Будучи выражением внешней свободы, первоначальное право есть абсолютное право лица быть причиною во внешнем мире579. В этом заключается основание собственности. Источником ее следует считать не занятие и не формирование или труд, а то и другое в совокупности, именно подчинение природы целям человека. Так как эти цели идут на будущее, то и подчинение должно быть постоянное. Для беспрепятственного действия во внешнем мире человек имеет право требовать, чтобы среда, в которой он действует, оставалась такою, какою он ее узнал или устроил. Корень всякого права есть, следовательно, свобода воли, ибо право быть свободною причиною своих действий и понятие о свободной воле — одно и то же. Те, которые отвергают свободу воли, должны поэтому отвергать и понятие о праве580.

Но для того чтобы свобода сделалась настоящим правом, она должна быть признана другими. Внешняя деятельность одного лица приходит в столкновение с внешнею деятельностью других; является необходимость взаимного ограничения свободы. Как же происходит это ограничение? Юридический закон говорит только, что свобода каждого должна быть ограничена, но он не говорит насколько. Это может быть определено лишь взаимным соглашением. Каждый должен объявить свое владение, а другие должны признать это объявление. Через это проблематическое прежде право становится действительным; владение превращается в настоящую собственность581.

Может, однако, случиться, что два лица объявят притязание на одну и ту же вещь. Так как право обоих одинаково, а над ними нет высшего судьи, решающего спор, то последствием этих обоюдных притязаний может быть только бесконечная распря или война. Но война есть господство бесправия; из этого состояния необходимо выйти. Надобно или согласиться во что бы ни стало, или искать высшего судьи, которого решение было бы обязательно для обоих. Каждый в силу юридического закона имеет право принудить другого избрать тот или другой исход582.

Однако даже и в случае соглашения право все-таки остается неверным.
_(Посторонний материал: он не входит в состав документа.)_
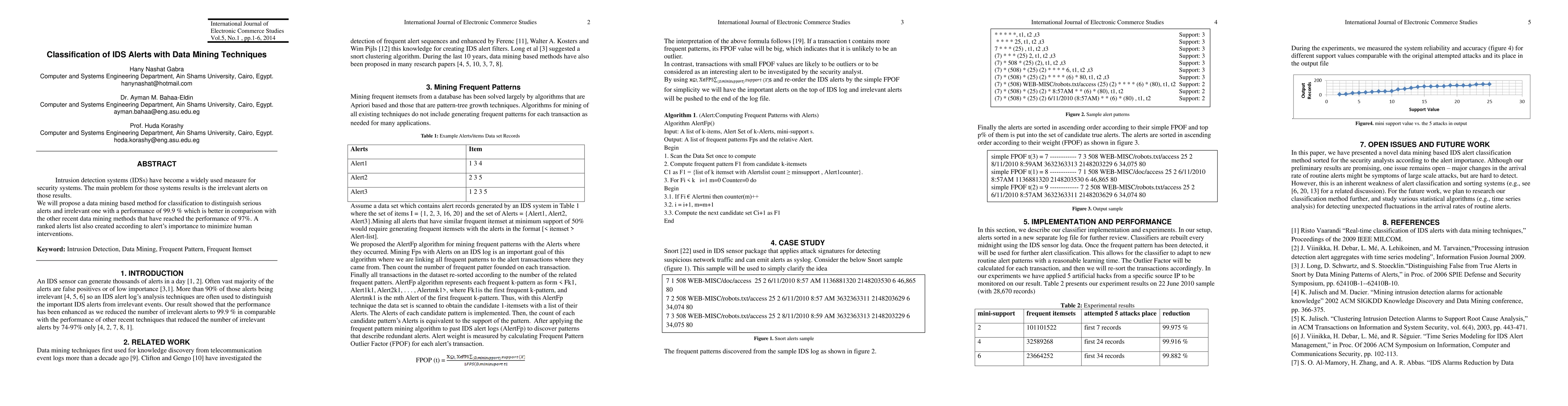 This paper proposes a data mining technique for classifying IDS alerts, achieving a high accuracy of 99.9% in distinguishing serious from irrelevant alerts, outperforming recent methods. It also generates a ranked list of alerts based on importance to reduce human intervention.
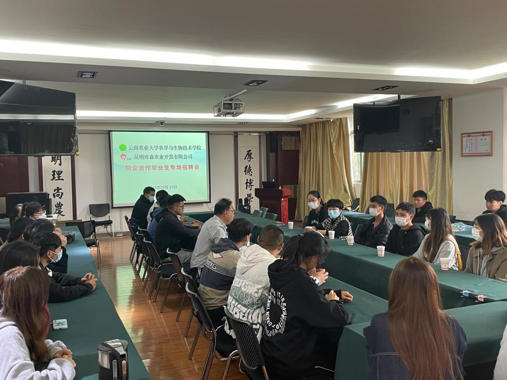 合作企业昆明库森农业开发有限公司进行“院企合作毕业生专场招聘会”,会议由学院副书记安曈昕老师主持。会上安老师与昆明库森农业开发有限公司负责人赵朝琼进行了详细会谈,逐一了解企业的用工需求、招聘要求、及提供的工资待遇等方面问题。同时还有卡通a片

Исполнение договора зависит от совести каждого; следовательно, тут все основано на взаимном доверии, а доверия невозможно требовать или вынуждать. Как скоро оно потеряно, так весь договор рушится сам собою, ибо неизвестно, будет ли он соблюдаться впредь. Чтобы дать силу соглашению, необходима, следовательно, уверенность, что оно будет исполняться, т. е. необходимо обеспегение права на будущее время. Это обеспечение может состоять лишь в таком установлении, которое независимо от воли обеих сторон, как бы силою механической необходимости, ограждало бы права той и другой, обращая нарушение закона против самого нарушителя583. Что же это за установление?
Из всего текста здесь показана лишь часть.